Faces

There is earth in your teeth. Lighter in palm. There is running. You wipe your brow and swallow gravel. Again. A brush past through hallway corridors. Sweet copper lines down your chin. They call you Red. They do not have eyes.

Flipping through magazine pages. Cut. Strands of silk fall through the paper. Into your hands. The eyes of a cat, one nose from a woman advertising her cheeks. Or her lips. Or the gloss coating them. You cannot tell.

Schoolbooks beat like butterfly wings against your ribcage. Everything painted in blue. So much blue it burns. There is a clap of lighting outside and it does not startle you. You present a poster with glitter glue and Ronald Regan facts. The glitter melts on your tongue.

People taste how empty feels.

You are saturated. You are the crater on the dirt where the sea used to be. Someone has eaten the ocean.

A mother washes dishes. A dancer’s grace (fallen down). The windowsill light casts halos above her brow. You rock back and forth, forth and back on the bathroom floor when she sleeps. You pull the word “afraid” from your throat as you shake. It comes tumbling out like string. The walls crumble like cardboard houses. It all feels terribly real.

A broken bottle slices your tongue when you blink. One, two, three. Blink-black brittle-bloody-dropping-down-again- again.

The mirror by your bed has hands. Clinging to  the corners, stretching the edges so you fit between. You are too whole. You bite off a piece of arm, a tear of skin around the ears. You stick it to your bedroom wall. It slides down to the carpet within the week. The dust mites piece you back together. Stiches snug.

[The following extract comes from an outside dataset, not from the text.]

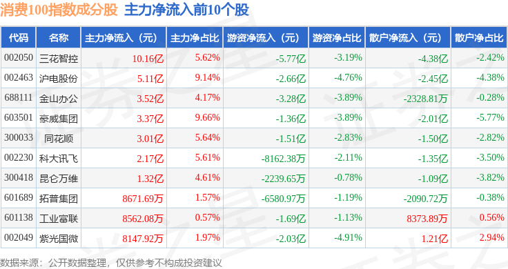 资金流向方面,消费100(399364)指数成份股当日主力资金净流出合计117.39亿元,游资资金净流入合计47.87亿元,散户资金净流入合计69.53亿元。成份股资金流向详情见下表:

This brain tugs taut as needle and thread. Another whisper of smoke. Cigarette kiss. Welcome in the hurt the way you pray. Be silent when you scream. Cry. Eyeballs freeze with winter weather. Slit your body through. Bleed out on the hardwood floors. The stains. They call you Red.

They do not have eyes.

You say you love her. Spit it out.

The glass between our faces will break one day. You keep tapping.

Tiptoe over trauma and bury dog bones. Visit once a day. Stop visiting when it snows. What about promises? Perception. Prove a point. Be mindful to be forgetful. You cannot find a good song to fit this. No emotion. Black hole looming and crunch-

the bones are broken now.

Include you. Include you. Need you. No one needs this. Vanilla smile and warm milk. Sickness is a state of mind.

You sleep below a motel bed. The world is shuddering. Holy is a brutal word.

No one can make you say it. No one can make you do anything. You read a Bible once; you could’ve done better. No matter. When the air congeals, when the birds fall dead mid- flight, they will know.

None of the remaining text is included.